— Да. Недалеко от места, где ты подобрал меня, стоит полуразрушенный дом, — сказала Мани, — А дождь был не такой уж и короткий, он зарядил почти с утра. Я пряталась в развалинах рядом с трактом и умирала от страха, прислушиваясь — не застучат ли по камням запоги дозорных? Не зашлепают ли мягкие лапы верховых хону?
— Хону? — переспросил дракон. Я объяснил:
— Такие крупные ящерицы, достаточно тупые, чтобы позволять на себе ездить.
— Да, — кивнула Мани, — Их немного, и я боюсь хону. Так я стояла в развалинах, под сохранившейся над половиной дома крышей, и ждала, когда кончится непогода, чтобы уйти как можно дальше от столицы, где еще вечером я была принцессой.
— Как же ты убежала, почему? Теряюсь в догадках относительно столь резкого изменения образа жизни, — пробормотал я, — Может, расскажешь, чтобы твое прошлое не стояло между нами?

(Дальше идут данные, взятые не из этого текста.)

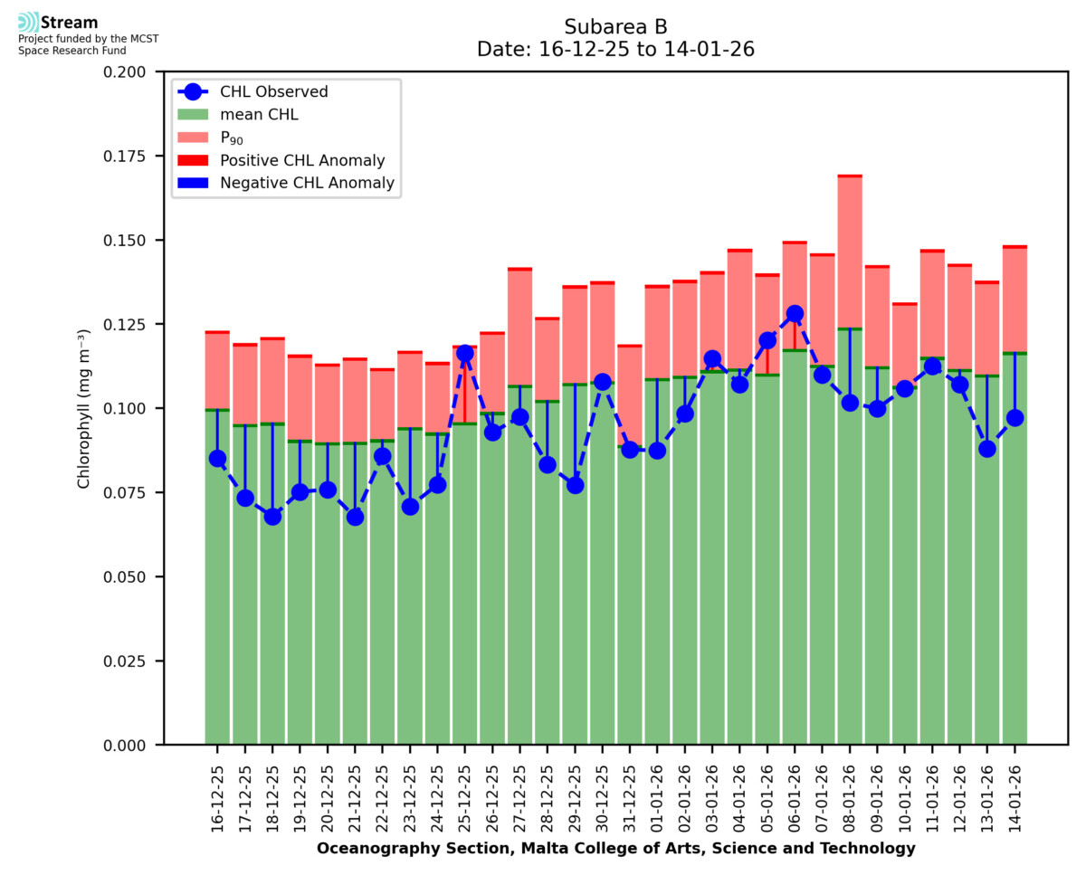 This STREAM service provides daily analysis of mass concentration of chlorophyll-a (CHL) anomalies, including spatial index maps for high chlorophyll occurrence and intensity in the sea around the Maltese Islands. User specific requests for data access and visualisation are planned for delivery on the STREAM mobile app. CHL is a core parameter in the Marine Strategy Framework Directive which provides the common framework for the assessment of the state of health of coastal seas to ensure coherence with the set goals of productive, healthy and clean European seas. CHL is considered to be a proxy of phythoplankton biomass and hence for eutrophication. Measuring chlorophyll is an indication of how much primary production is occurring in the sea.

— Да, я знаю, что это нужно сделать, — сказала она, — Хорошо, хотя и неприятно. Но нужно, чтобы... Словом, как зуб вырвать, лишь бы тебя не терзали догадки. Нет, наверняка все было иначе, чем можно себе представить, не зная Ра, глядя на мир из чудесного яйца юниверскафа... Ведь Тхерра загадочна до тех пор, пока неясны ее обычаи. Надеюсь, мой рассказ не удлинится чрезмерно, если я коснусь некоторых обычаев, чтобы стало понятнее. Не переживай, Эн Ди, я не утомлю тебя.

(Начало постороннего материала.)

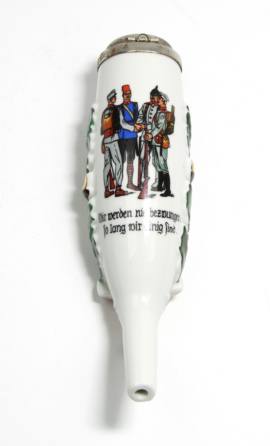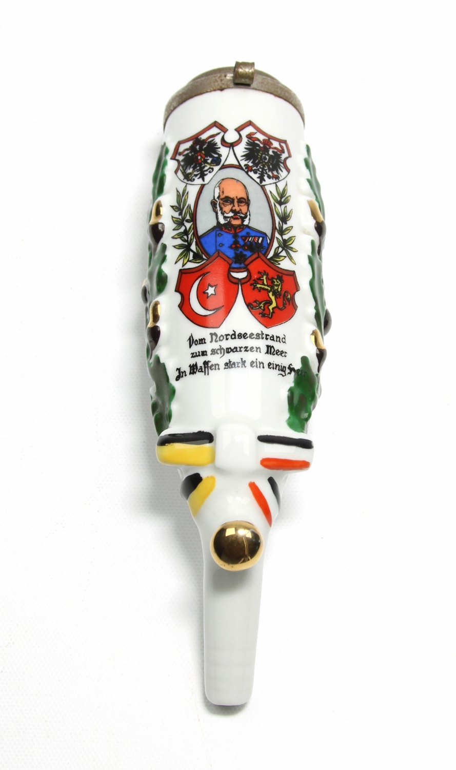 Alman Kralı I. Wilhelm görselli, Osmanlı ve Almanya ittifakı temalı pipo, ay-yıldız bayraklı ve Alman imparatorluğu armalı, 4,5x16 cm.

Это она отреагировала на мой тяжкий вздох. Запутанные церемонии и традиции этого в целом милого мира не могли утомить разве что дракона с его бесконечным терпением, а меня тхерранская церемонность и порядки достали до печенок. Любое упоминание о Тхерре требует толстого тома ссылок на церемонии, религии государственные и домашние, распространенные или не очень, и так далее и тому подобное. Ощутив зародыш раздражения, я постарался загнать его как можно глубже:
— Ты права. Впрочем, время еще есть, так что рассказывай все, что сочтешь нужным.

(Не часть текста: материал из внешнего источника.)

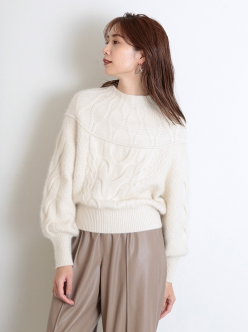 ふんわりとしたケーブル編みで、秋冬ならではの暖かみある立体感を表現したニット。やや広めのネックラインがデコルテに抜けを与え、カジュアルになり過ぎないようボリュームスリーブで女性らしいバランスを意識。首元から肩にかけて放射状の編み地を施すことで、身体の線が華奢に見えるよう工夫しました。パンツ合わせでデイリーに、艶のあるサテンやタイトスカート合わせでレディにと、シチュエーションに応じて様々なスタイリングが楽しめます。
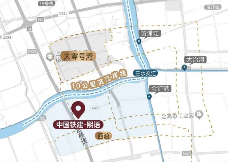西渡板块,北面有“大零号湾”和黄浦江滨江公共空间、南面有“奉贤新城绿环”规划、东面有“三水交汇之地”规划,与三大市级重要战略板块紧密拥抱
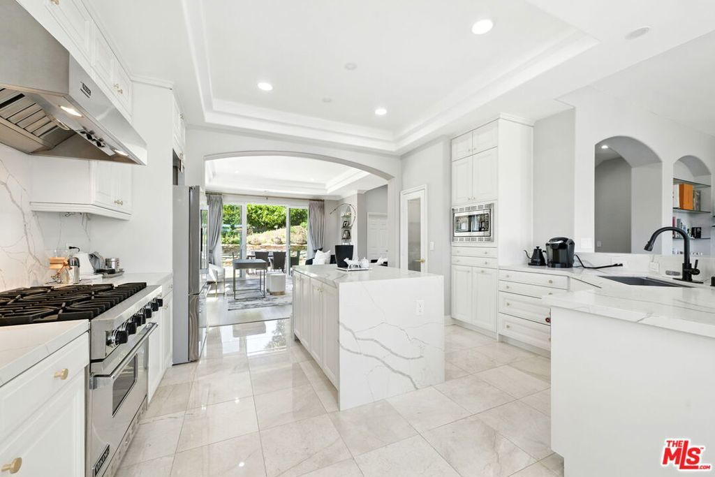 END UNIT! Exquisite remodel with beautiful wide-open views from every room and abundant natural light throughout. Nestled within Toscana, one of Malibu's most coveted gated communities. This contemporary 2-bedroom, 3-bath residence boasts spacious rooms, open-concept living and dining areas, perfect for entertaining or relaxing in style. The sophisticated chef's kitchen features a generous center island, Viking range, pantry, breakfast bar seating that flows seamlessly into a cozy family room, which opens to a private outdoor patio, one of the largest in the entire complex. Main living room area has beautiful end unit views, a large patio and private grassy yard. Ascend to the upper level, where you'll find a welcoming guest room and bath, a convenient laundry room along with a versatile bonus office/den area. The crowning jewel is the ocean view primary suite, complete with a delightful balcony, a spa-like bathroom showcasing a rejuvenating jacuzzi tub, glass enclosed shower, double-sided fireplace and a sizable walk-in closet for all your luxury needs. With soaring high ceilings and skylights, this home exudes elegance and warmth. There is an attached two car garage with storage. Residents of Toscana enjoy a wealth of community amenities, including a sparkling pool, recreation center and gym, all just a stone's throw from the vibrant offerings of Pepperdine University, Malibu Racquet Club, fine dining, trendy shops, Whole foods, hiking trails and beaches. Embrace the Malibu lifestyle that awaits you in this desirable gem of a community.

— Только то, что важно для понимания, — кивнула Мани, пошевелилась, — Можно, я присяду? Рассказ будет длинным.
Только тут до меня дошло, что мы беседуем обнявшись и стоя на коленях. Я выпустил Мани и тоже сел, привалясь спиной к любимому камню.
— Династия Ра имеет особые традиции, — начала Мани, — Традиции эти освящены временем и не могут быть нарушены. Они делятся на явные и тайные. Причем, как я убедилась, тайных, не разглашаемых традиций очень много в наследовании. Ну, во-первых, трон Ра передается только по женской линии. Императрица Ра выбирает себе мужа сама, не считаясь с сословными границами, да и вообще с границами. Муж Императрицы, Император-Консорт, конечно, участвует в управлении Империей, но решающее слово остается за ней. Дела войны и мира, другие важнейшие для Империи дела решает только она сама. Считается, — тут голос Мани приобрел извиняющееся выражение, — Считается, что мужчины чересчур порывисты и безответственны, чтобы осуществлять Верховную Власть, но я уже немного отвлеклась, — одернула она себя. Вздохнула:
— Когда у Императрицы рождается Наследница, то девочку тайно подменяют простолюдинкой так, чтобы родители не заметили подмены. Это производят черес считанные часы после родов, когда мать отдыхает и еще толком не видела свое дитя. Так же было и со мной. Меня разместили в благополучной купеческой семье. Вырастила меня Тан Хо и ее муж, Тай Хо, купец, поставщик тканей во дворец. Тан Хо — простая женщина, разве что чуть более грамотная, чем принято в этой среде. Она привила мне любовь к чтению. Она была несчастлива с мужем из-за того, что он считал ее "излишне грамотной", как он говорил. Он и мне не очень разрешал учиться читать, и не давал денег на книги, на письменные принадлежности, считая все это блажью. По его мнению дочь купеческого семейства должна была учиться счету, хорошим манерам и домоводству. Именно поэтому чтение стало для меня сначала детским протестом против диктата этого ограниченного, грубого человека. Сначала я мало что в них понимала. Когда меня в очередной раз сурово отчитывали, как правило — несправедливо, я ночью зажигала светильник и так, по детски, протестовала. Но однажды вдруг произошло чудо — комната, дом и весь мир вокруг перестали для меня существовать, и я перенеслась в совсем другое время, в другую страну... Однако я снова отвлеклась, — Мани слегка нахмурилась, посмотрела на меня, на морду Тари, попросила у Валькирии тхерранского чая, смочила горло и продолжила:
— Так, когда я выросла, мать уже стала интересоваться моими вкусами в отношении мужчин, все время намекая, что я должна считаться с ее жизненным опытом и не допускать повторения ее ошибок, чтобы я правильно выбрала сеебе супруга, но эти вещи меня еще мало интересовали... Отчего-то я думала, что мне не стоит присматриваться к вероятным кандидатам в мужья. Я сама не знала, чего хочу. В книгах всегда находились благородные, сильные и красивые герои, но как же мало было благородства и силы вокруг меня!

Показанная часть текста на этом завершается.